== TASK GOAL ==
Please state how many lines in the records that follow include "Prosvetno", with no other output.

== MATERIAL FOR THIS EXERCISE ==
# # #

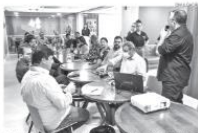
Objetivo final é elevar o patamar do setor de alimentos e bebidas do Estado

Uma característica distintiva e motivadora do programa é o sis-
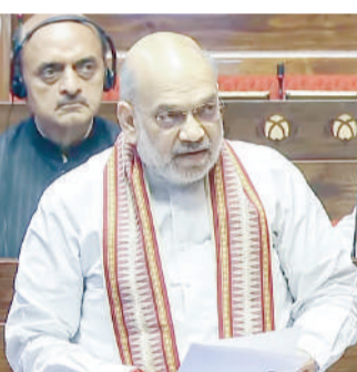
आपगी। जो करना है, हमें करना है। शाह ने कहा कि 2005 में पहली बार आपदा प्रबंधन अधिनियम लागू किया गया था।

(एजेन्सी)। नई दिल्ली। केंद्रीय गृह मंत्री अमित शाह ने आपदा प्रबंधन (संशोधन) विधेयक, 2024 पर राज्यसभा में चर्चा का जवाब दिया। उन्होंने कहा कि कुछ सदस्यों ने सवाल उठाया कि संशोधन की क्या जरूरत है। मैं उनसे कहना चाहता हूँ कि अगर समय रहते किसी इमारत की मरम्मत नहीं की जाती है तो वह गिर जाती है। विपक्ष पर तंज सकते हुए शाह ने कहा कि उन्हें लगता है कि शायद वे आकर इसे बदल देंगे लेकिन अगले 15-20 साल तक किसी की बारी नहीं आएगी। जो करना है, हमें करना है। शाह ने कहा कि 2005 में पहली बार आपदा प्रबंधन अधिनियम लागू किया गया था।
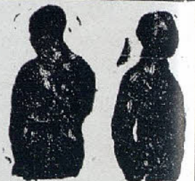
Sin Benefactor Con Benefactor

Para el desarrollo de pechos de las señoras, caballeros y niños :-: Indispensable a toda persona que aprecie y practique la higiene en el vestir :-: Con el uso del Tirante-Benefactor , las señoras conseguirán el desarrollo de sus senos pudiendo prescindir así de medicinas y ungüentos perjudiciales muchas veces a la salud De venta en casa los Sres. Eduardo Schilling, S. en C. (Barcelona-Madrid-Valencia) y al fabricante de Ligas y Tirantes "Smart" AMADOR ALSINA Lladó, 7, pral - BARCELONA - Teléf. A-4851, que mandará folleto gratis a quien lo pida
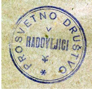
Žig »Prosvetno društvo v Radovljici«

Redna letna skupščina svobod in prosvetnih društev Gorenjske. Odlikovanja Zveze svobod: ... pohvalne diplome za uspešno kulturno-prosvetno delo so prejeli: ... Svoboda Lesce, Prosvetno društvo Radovljica, Prosvetno društvo Mošnje, Svoboda Podnart, Prosvetno društvo Kropa. / Op.: Omenjeno tudi Kulturno umetniško društvo Radovljica. Vir: Ljudska pravica, 31. 1. 1956

# # #

== ANSWER ==
2